Confirmation of VS-FCV depends on isolation of identical viral strains (usually from oropharyngeal swabs or necropsy specimens) from more than one affected cat. No test can differentiate VS-FCV from typical FCV in a single cat. Additionally, cats may harbor more than one pathogen simultaneously. These multiple infections may act synergistically to worsen disease manifestation, or one or more pathogens may simply be present without contributing to clinical signs. Currently, only supportive care is available to treat infected cats. A recent publication describes the use of virus specific phosphorodiamidate morpholino oligomers (PMO) to block RNA viral replication. This treatment is still experimental, although intriguing.
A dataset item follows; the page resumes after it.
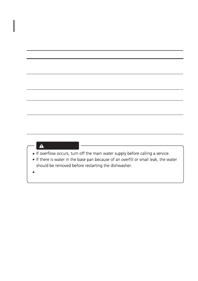 If there is a malfunction the dishwasher will display an error code. The following table
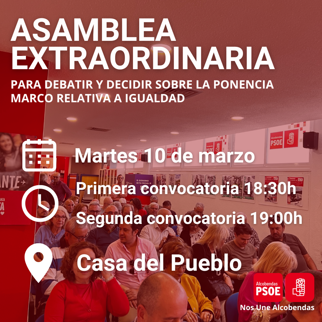 La Agrupación Socialista de Alcobendas celebrará una Asamblea Extraordinaria para debatir y decidir sobre la ponencia marco relativa a igualdad.

Prevention of feline URI is dependent on both management practices to minimize exposure and vaccination. Minimization of crowding and stress, cleanliness, and routine disinfection are all crucial when cats are housed in groups, such as in catteries or shelters. A thorough discussion of shelter design and management is beyond the scope of this talk. A valuable resource with more detail on this topic can be found at the University of California – Davis Koret Shelter Medicine Program website. As an undeveloped virus, FCV is resistant to many routine disinfectants but is susceptible to a 5% bleach solution diluted 1:32 (1/2 cup per gallon) or potassium peroxymonosulfate. It should be noted that there are no disinfectants which work in the presence of organic debris, so basic cleaning must precede disinfection. Recently, a vaccination for virulent systemic FCV has become available (CaliciVax®, Fort Dodge Animal Health). This killed virus vaccine incorporates one of several strains of FCV known to cause severe systemic disease. Generally, hypervirulent strains of FCV have arisen from new genetic mutations in each group of cats infected. Although the new vaccine demonstrated protection from challenge with the same virulent strain used in its development, to our knowledge challenge has not be attempted (and therefore protection has not been demonstrated) with any other virulent strain.